**What the task requires**
Here the job is to print all of the entries below verbatim and leave out any picture.

**Material provided**
>>>>>

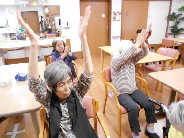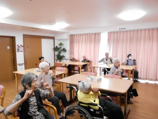 5月6日、2階で1階〜3階の入居者様で リモートALSOK体操をしました!!
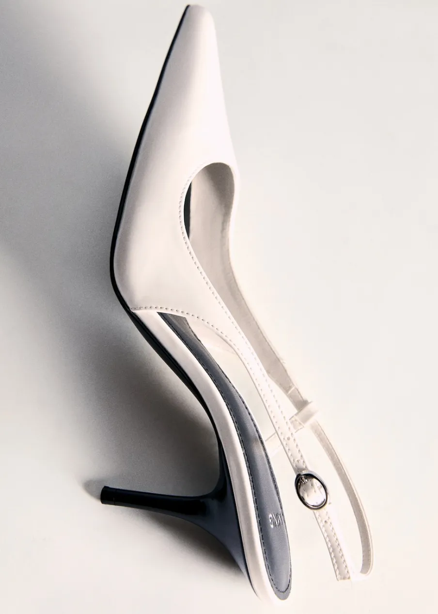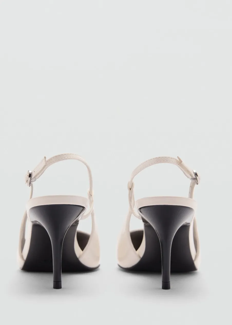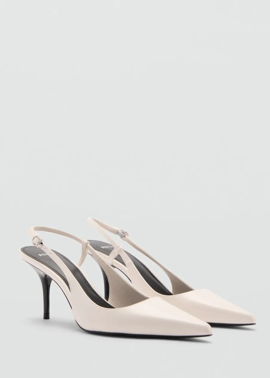 Fason z odkrytą piętą. Obcas szpilka. Spiczaste zakończenie. Zapięcie na klamrę. Obcas mierzy 7,5 cm. Wysoki obcas.
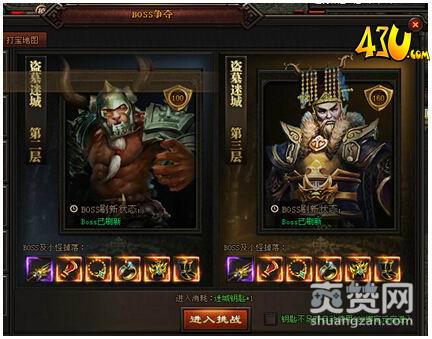 盗墓迷城是一个极品产出地图,掉落率远高于野图,不论BOSS还是小怪均可能掉落外界不常见的极品装备。为了防止43u《魔龙诀》新手误入其中而丧命,勇士们想进入盗墓迷城的第二层和第三层均需要一定的迷城钥匙,而钥匙可通过击杀一层怪物几率获得。当然,如果你怕麻烦的话,在钥匙不足时可使用200绑定元宝直接进入。
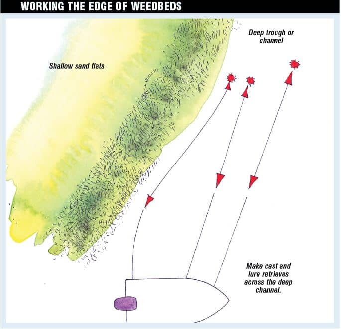 Another good area to search for salmon on the surface are acute or sharp bends in the waterway. If there is deep water nearby or adjacent to the bend then this area is more likely to attract fish. The reason bends are so good is that there will be back eddies and holes or troughs gouged out thanks to the current. These areas, particularly back eddies, will allow schools of salmon to hold and attack passing baitfish as they move with the current. The deeper holes will attract and hold the baitfish that will seek refuge from the powerful current, which may be too strong for the fish to swim against. The final area that is worth prospecting around is weed beds close to deep troughs that run parallel to the weed. If the bottom of the trough or channel is made up of partly broken reef and shell beds then you will have the added bonus of by-catch such as bream, whiting, and flathead.
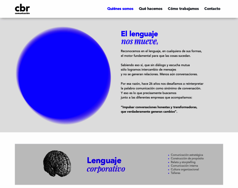 Comunicación y consultoría estratégica en todos sus lenguajes: Publicitario, Corporativo, Cultura Interna, Editorial, Audiovisual, Digital, Gamificación y Experimental #SOMOSCBR
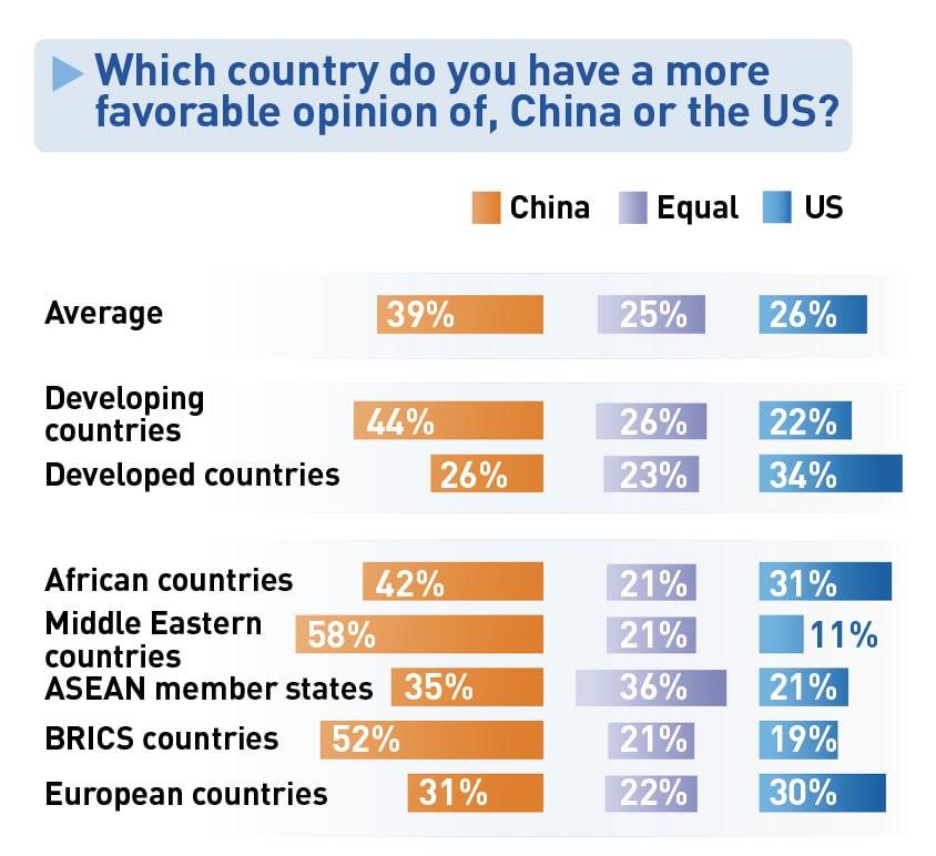 Global public looks forward to positive China-US ties; favorability toward China surpasses the US
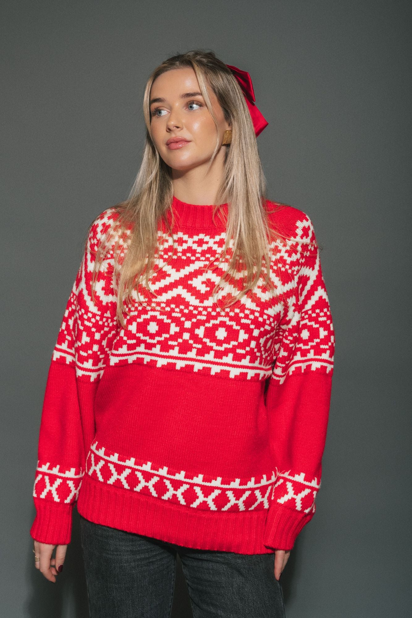 Upgrade your winter wardrobe with the Fairisle Sweater 2.0. Its slouchy, oversized fit and drop shoulder design offer both comfort and style. Perfect for a day out or a cozy night at the ski lodge. Stay warm and chic with this iconic sweater.
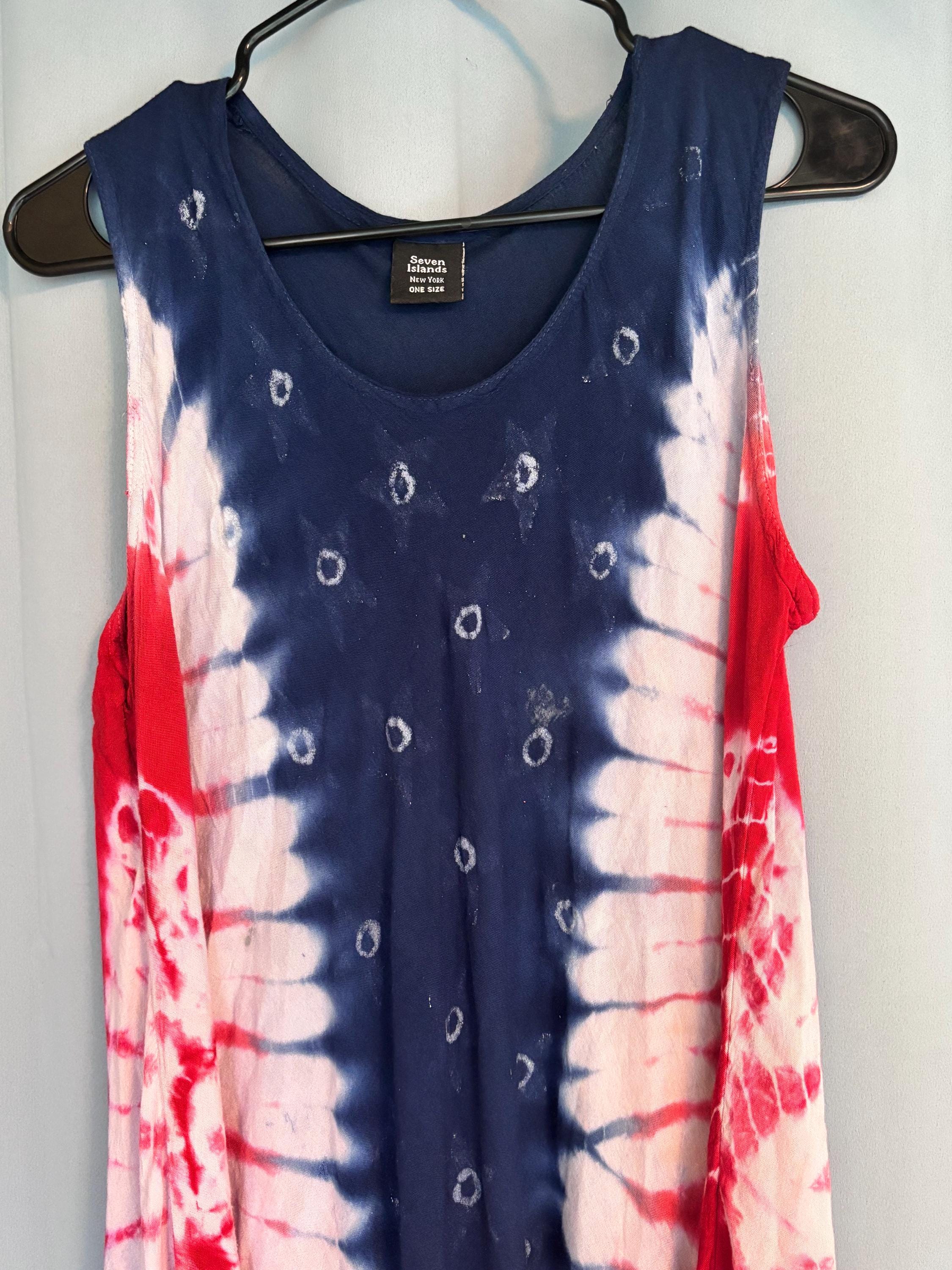 VISIT jaxinabox.com FOR ALL OUR LISTINGS!Seven Islands New York Red White Blue Summer Beach Dress One Size
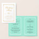 Menu plié mariage en or, blanc et vert menthe. La couverture du menu est blanche avec des détails en feuille d'or, un cadre simple et des polices élégantes. Ajoutez votre menu mariage à l'intérieur en texte noir contre un arrière - plan vert menthe. Au verso, vous pouvez écrire une note de remerciement à vos invités mariages en feuille d'or.
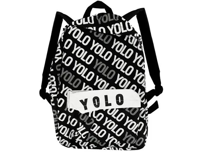 Embrace your spirit of adventure with the Adventure-Ready YOLO Backpack. This stylish and durable black nylon backpack showcases a trendy white and grey 'YOLO' print on both the front and sides, making it perfect for those who live life to the fullest.

<<<<<

**Output**
 5月6日、2階で1階〜3階の入居者様で リモートALSOK体操をしました!!
 Fason z odkrytą piętą. Obcas szpilka. Spiczaste zakończenie. Zapięcie na klamrę. Obcas mierzy 7,5 cm. Wysoki obcas.
 盗墓迷城是一个极品产出地图,掉落率远高于野图,不论BOSS还是小怪均可能掉落外界不常见的极品装备。为了防止43u《魔龙诀》新手误入其中而丧命,勇士们想进入盗墓迷城的第二层和第三层均需要一定的迷城钥匙,而钥匙可通过击杀一层怪物几率获得。当然,如果你怕麻烦的话,在钥匙不足时可使用200绑定元宝直接进入。
 Another good area to search for salmon on the surface are acute or sharp bends in the waterway. If there is deep water nearby or adjacent to the bend then this area is more likely to attract fish. The reason bends are so good is that there will be back eddies and holes or troughs gouged out thanks to the current. These areas, particularly back eddies, will allow schools of salmon to hold and attack passing baitfish as they move with the current. The deeper holes will attract and hold the baitfish that will seek refuge from the powerful current, which may be too strong for the fish to swim against. The final area that is worth prospecting around is weed beds close to deep troughs that run parallel to the weed. If the bottom of the trough or channel is made up of partly broken reef and shell beds then you will have the added bonus of by-catch such as bream, whiting, and flathead.
 Comunicación y consultoría estratégica en todos sus lenguajes: Publicitario, Corporativo, Cultura Interna, Editorial, Audiovisual, Digital, Gamificación y Experimental #SOMOSCBR
 Global public looks forward to positive China-US ties; favorability toward China surpasses the US
 Upgrade your winter wardrobe with the Fairisle Sweater 2.0. Its slouchy, oversized fit and drop shoulder design offer both comfort and style. Perfect for a day out or a cozy night at the ski lodge. Stay warm and chic with this iconic sweater.
 VISIT jaxinabox.com FOR ALL OUR LISTINGS!Seven Islands New York Red White Blue Summer Beach Dress One Size
 Menu plié mariage en or, blanc et vert menthe. La couverture du menu est blanche avec des détails en feuille d'or, un cadre simple et des polices élégantes. Ajoutez votre menu mariage à l'intérieur en texte noir contre un arrière - plan vert menthe. Au verso, vous pouvez écrire une note de remerciement à vos invités mariages en feuille d'or.
 Embrace your spirit of adventure with the Adventure-Ready YOLO Backpack. This stylish and durable black nylon backpack showcases a trendy white and grey 'YOLO' print on both the front and sides, making it perfect for those who live life to the fullest.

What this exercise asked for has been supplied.